In a certain sock drawer, there are 4 pairs of black socks, 3 pairs of gray socks and 2 pairs of orange socks. If socks are removed at random without replacement, what is the minimum number of socks that must be removed in order to ensure that two socks of the same color have been removed? A. 4 B. 7 C. 9 D. 10 E. 11
Mathematics · High School · Thu Feb 04 2021
Answered on
To ensure that at least two socks of the same color have been removed, you can use the Pigeonhole Principle. The principle essentially states that if you are putting items into categories (pigeonholes), and there are more items than categories, at least one category must contain more than one item.
In this case, there are 3 categories (colors of socks): black, gray, and orange.
Now, let's calculate according to the worst-case scenario:
1. If you remove one sock, it could be of any color, say a black one. 2. When you remove the second sock, it could be a gray one. 3. The third sock you remove could be an orange one.
At this point, you have three socks, all of different colors, because there are three different colors available in the drawer.
4. Now, when you remove the fourth sock, no matter what color it is, it will match one of the previously removed socks (since there are only three colors to choose from).
So the minimum number of socks that must be removed to ensure that two socks of the same color have been removed is 4.
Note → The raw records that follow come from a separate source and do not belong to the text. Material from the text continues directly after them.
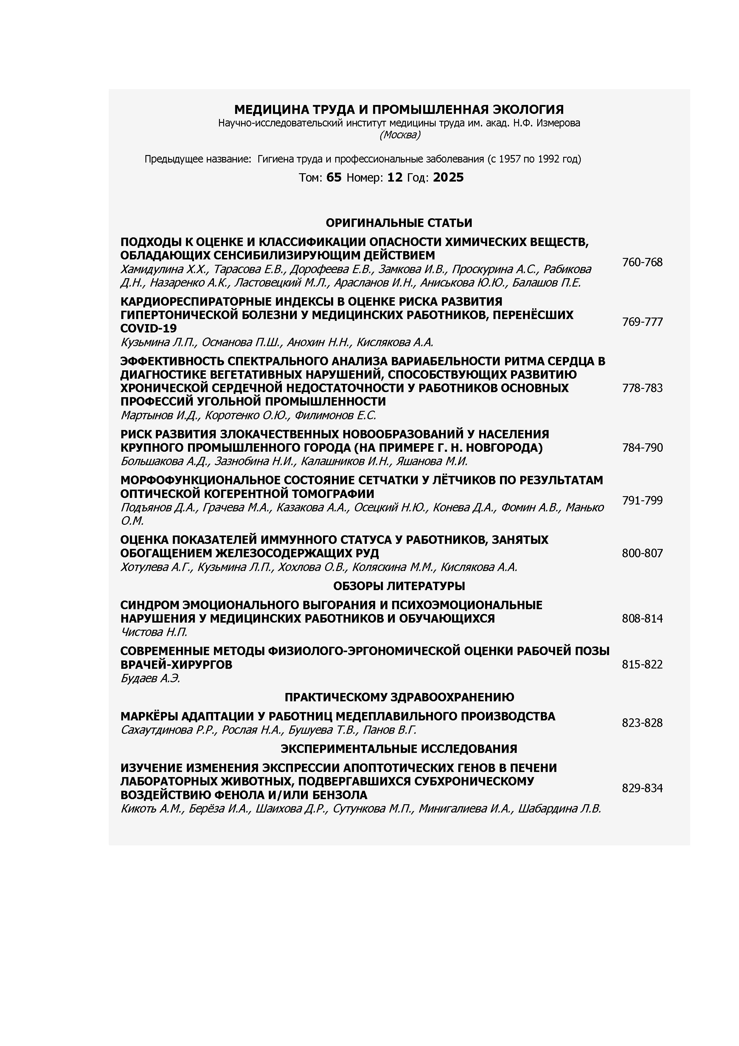 Медицина труда и промышленная экология 2025 Т.65 N12 |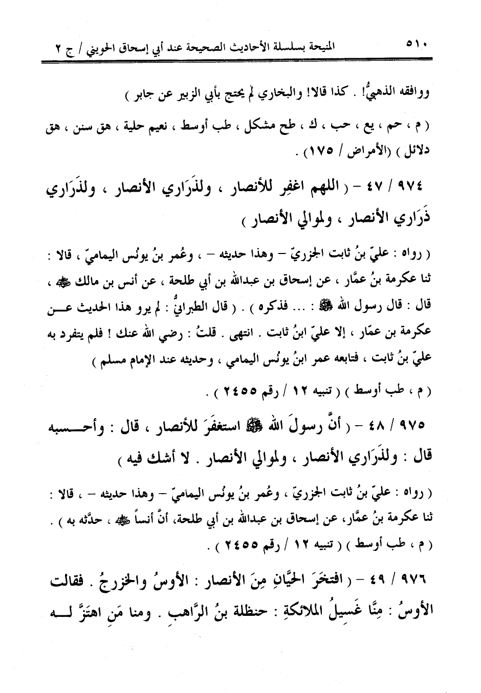 (رواه: عليّ بنُ ثابت الجزريّ، وعُمر بنُ يونس اليماميّ -وهذا حديثه-، قالا: ثنا عكرمة بنُ عمَّار، عن إسحاق بن عبد الله بن أبي طلحة، أنَّ أنسًا - رضي الله عنه -، حدَّثه به). (م، طب أوسط) (تنبيه 12 / رقم 2455).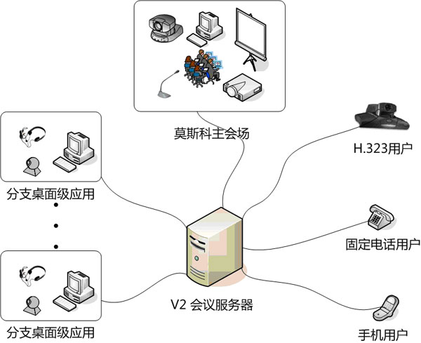 俄羅斯百事可樂公司莫斯科總部和俄羅斯其它各地分支機(jī)構(gòu)通過公眾互聯(lián)網(wǎng)連接,以V2視頻會議系統(tǒng)為紐帶,將不同的參會用戶連接在一起,實現(xiàn)即時的音視頻溝通及數(shù)據(jù)協(xié)作。不僅是普通的PC機(jī)用戶,包括傳統(tǒng)H.323用戶,手機(jī)和固定電話用戶等都可以加入V2視頻會議。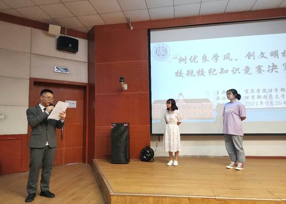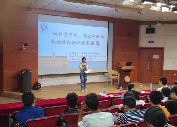 9月26日下午,为进一步弘扬爱国爱校精神、加强校纪校规教育,引导学生遵规守纪,养成良好的思想品德与行为规范,理学部在硕勋楼A101举行以“树优良学风,创文明校园”为主题的校规校纪知识竞赛决赛。出席本次活动的嘉宾有理学部团总支副书记张定萍、学生会主席彭华婷、艺术团团长孙雪莹和部分学生干部代表。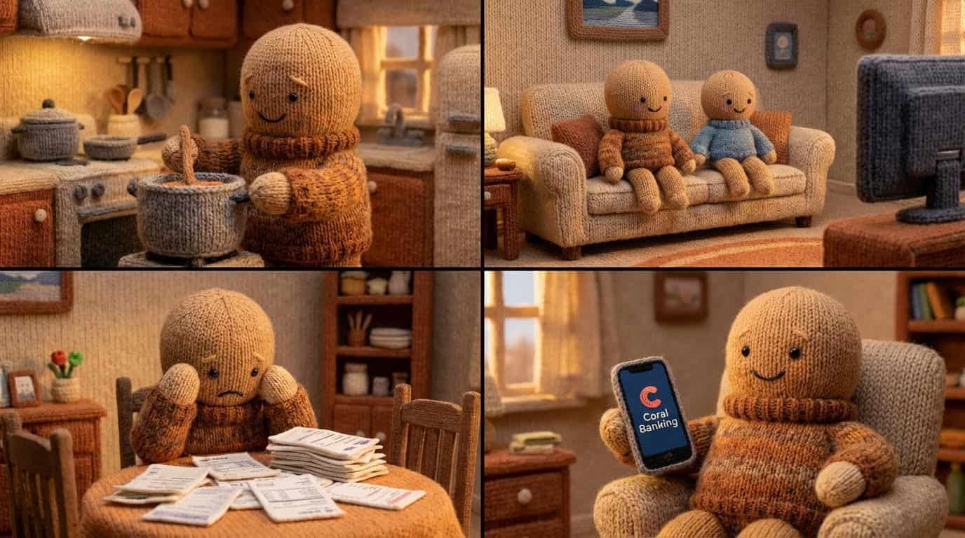 The Concept: A "knitted," handcrafted visual style. A Dad Octopus gets his tentacles "tied up" by bills and subscriptions, only to be untangled by Coral Banking.

The correct answer is A. 4.
Extra: This problem demonstrates a principle in probability and combinatorics that is very handy in many real-life situations, not just theoretical math problems. The Pigeonhole Principle helps us predict outcomes where we're looking at grouping items together. It's useful in scenarios where we know the number of items and the number of groups or categories those items can belong to. Beyond mathematics, this principle can be applied in computer science (for instance, in hash tables), organizational tasks, resource allocation, and even in daily life situations such as reasoning why, if you have more people than bedrooms in a house, someone will have to share a room. Understanding the principle can be very helpful in thinking about problems logically and efficiently.